→ The data
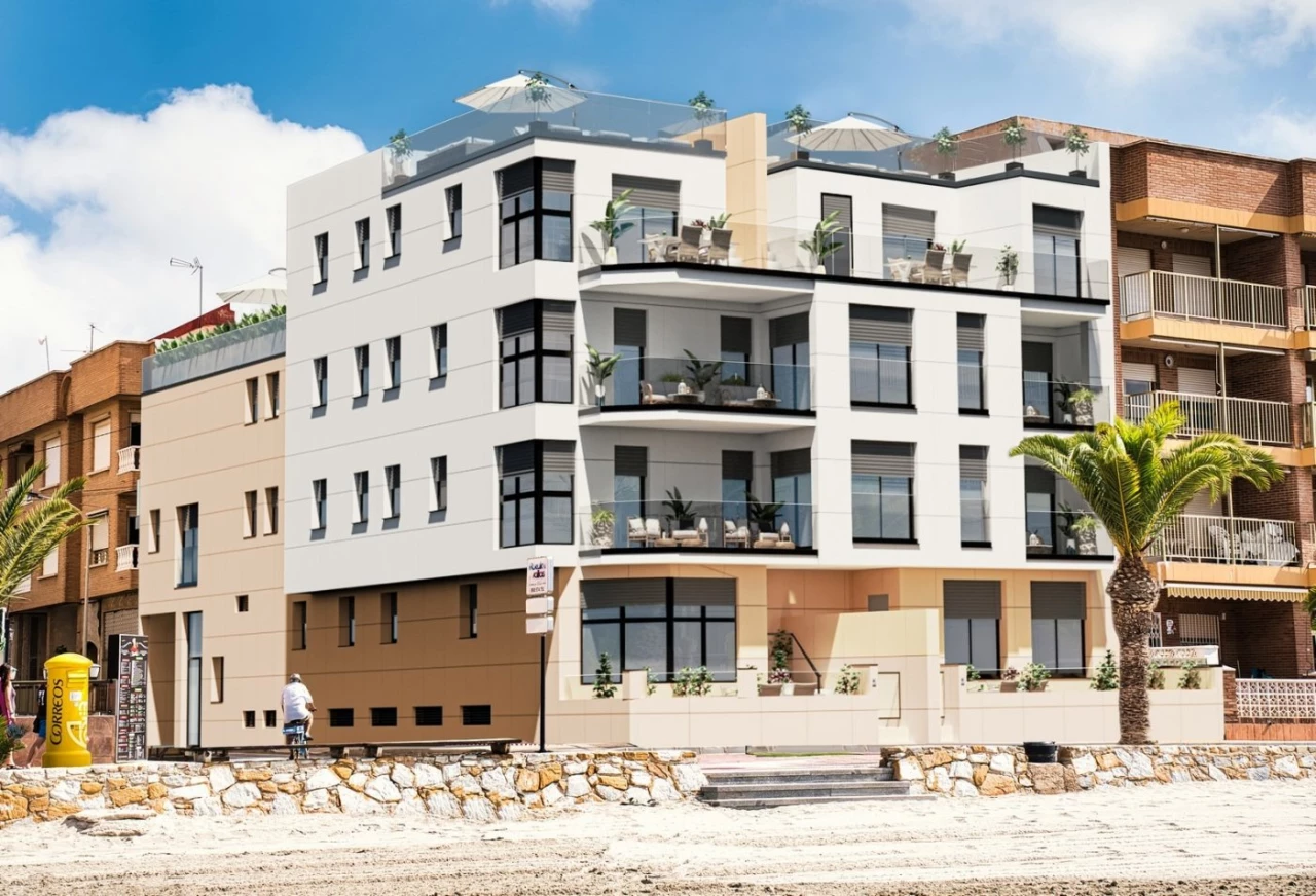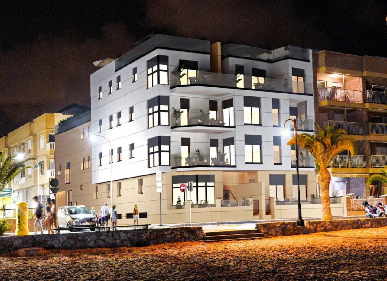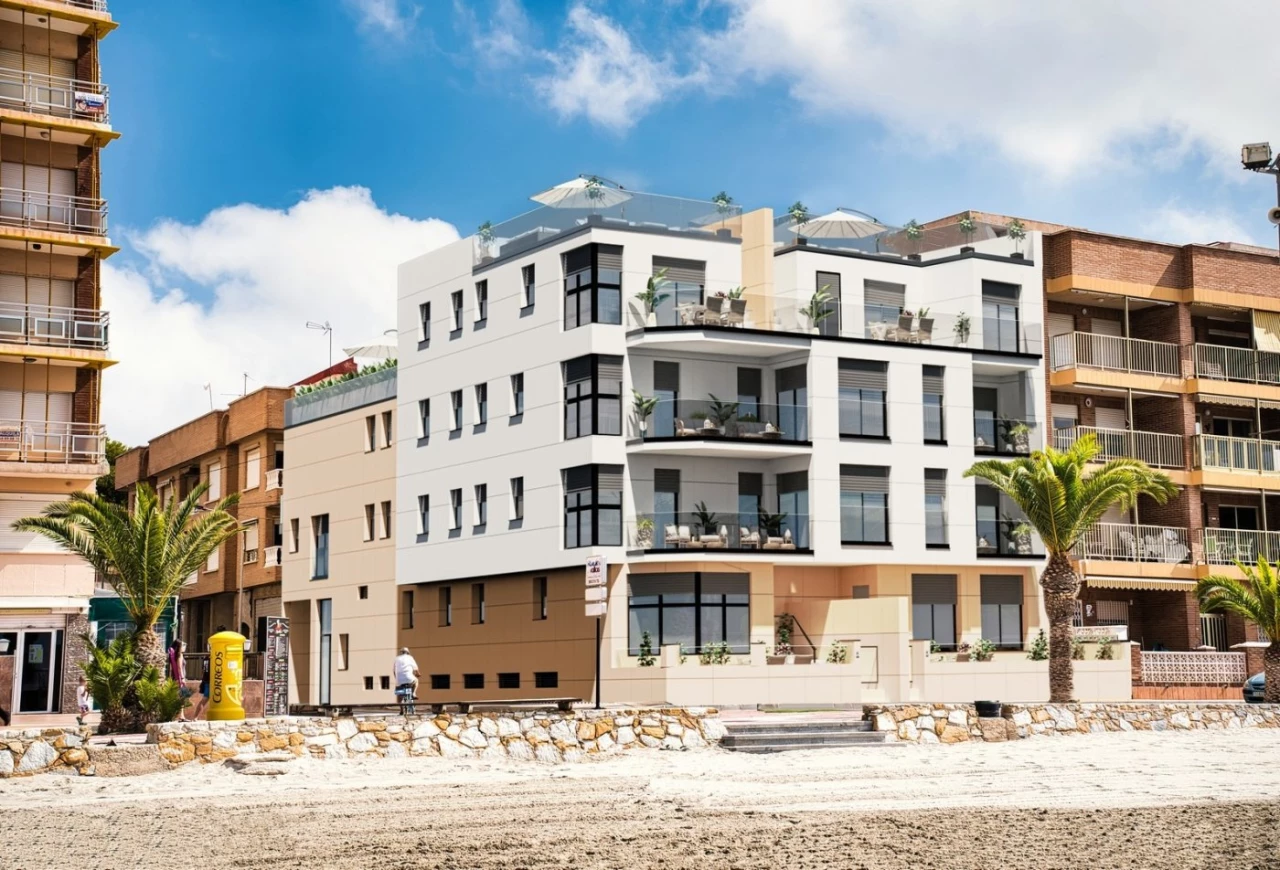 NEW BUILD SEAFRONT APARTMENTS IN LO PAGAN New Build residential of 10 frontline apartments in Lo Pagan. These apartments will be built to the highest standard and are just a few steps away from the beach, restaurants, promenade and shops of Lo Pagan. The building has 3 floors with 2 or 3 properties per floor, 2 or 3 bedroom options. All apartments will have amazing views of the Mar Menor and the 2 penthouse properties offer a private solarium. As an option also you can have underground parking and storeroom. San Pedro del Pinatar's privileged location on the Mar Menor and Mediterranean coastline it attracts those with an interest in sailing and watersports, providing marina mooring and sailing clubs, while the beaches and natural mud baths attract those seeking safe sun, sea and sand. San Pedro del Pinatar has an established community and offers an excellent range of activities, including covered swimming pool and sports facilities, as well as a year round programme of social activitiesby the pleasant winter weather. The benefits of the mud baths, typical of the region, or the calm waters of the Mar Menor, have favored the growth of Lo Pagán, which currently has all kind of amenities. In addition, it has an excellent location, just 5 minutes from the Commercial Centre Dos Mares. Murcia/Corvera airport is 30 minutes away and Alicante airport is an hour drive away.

* * *

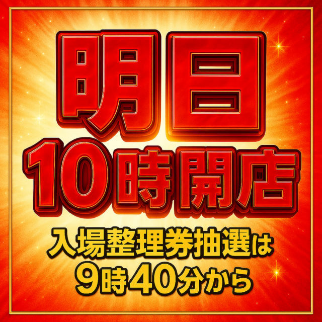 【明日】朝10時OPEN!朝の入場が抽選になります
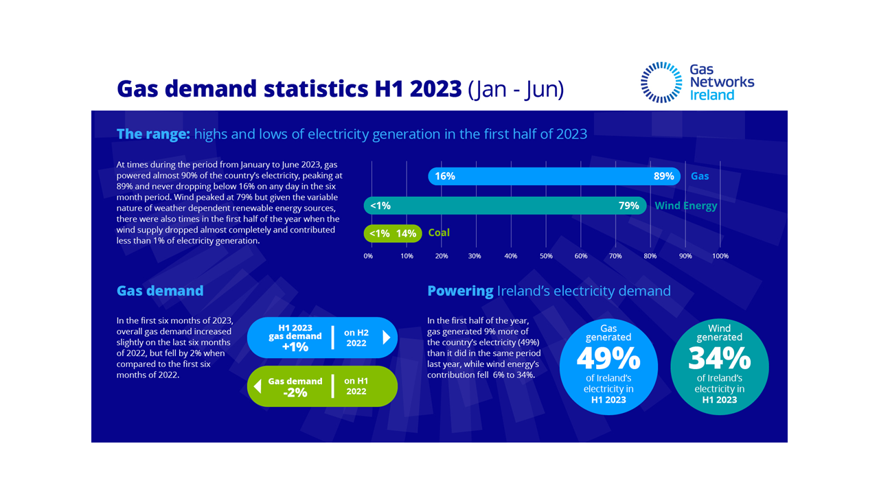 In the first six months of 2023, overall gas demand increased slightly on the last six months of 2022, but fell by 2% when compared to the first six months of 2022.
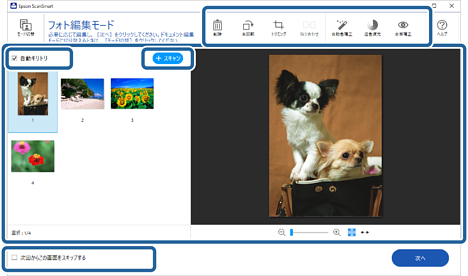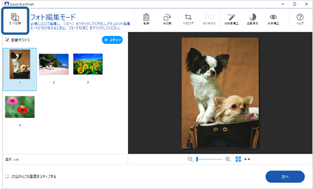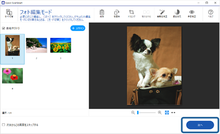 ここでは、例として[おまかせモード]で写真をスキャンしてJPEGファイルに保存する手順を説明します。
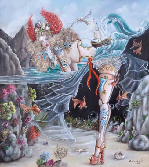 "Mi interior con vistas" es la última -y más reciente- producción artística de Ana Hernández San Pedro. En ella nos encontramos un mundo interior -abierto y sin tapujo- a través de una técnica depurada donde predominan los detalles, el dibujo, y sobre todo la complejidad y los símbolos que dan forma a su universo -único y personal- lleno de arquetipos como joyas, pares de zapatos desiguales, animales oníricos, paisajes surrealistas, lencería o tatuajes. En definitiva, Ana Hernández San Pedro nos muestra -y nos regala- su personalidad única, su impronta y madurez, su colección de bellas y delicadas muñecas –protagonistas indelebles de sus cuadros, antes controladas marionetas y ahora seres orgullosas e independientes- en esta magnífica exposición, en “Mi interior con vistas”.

→ What is required
From the listing above, repeat only the lines between the line containing "In the first" and the line containing "es la última", those two included. Pictures are not part of the copy.

→ Exercise solution
 In the first six months of 2023, overall gas demand increased slightly on the last six months of 2022, but fell by 2% when compared to the first six months of 2022.
 ここでは、例として[おまかせモード]で写真をスキャンしてJPEGファイルに保存する手順を説明します。
 "Mi interior con vistas" es la última -y más reciente- producción artística de Ana Hernández San Pedro. En ella nos encontramos un mundo interior -abierto y sin tapujo- a través de una técnica depurada donde predominan los detalles, el dibujo, y sobre todo la complejidad y los símbolos que dan forma a su universo -único y personal- lleno de arquetipos como joyas, pares de zapatos desiguales, animales oníricos, paisajes surrealistas, lencería o tatuajes. En definitiva, Ana Hernández San Pedro nos muestra -y nos regala- su personalidad única, su impronta y madurez, su colección de bellas y delicadas muñecas –protagonistas indelebles de sus cuadros, antes controladas marionetas y ahora seres orgullosas e independientes- en esta magnífica exposición, en “Mi interior con vistas”.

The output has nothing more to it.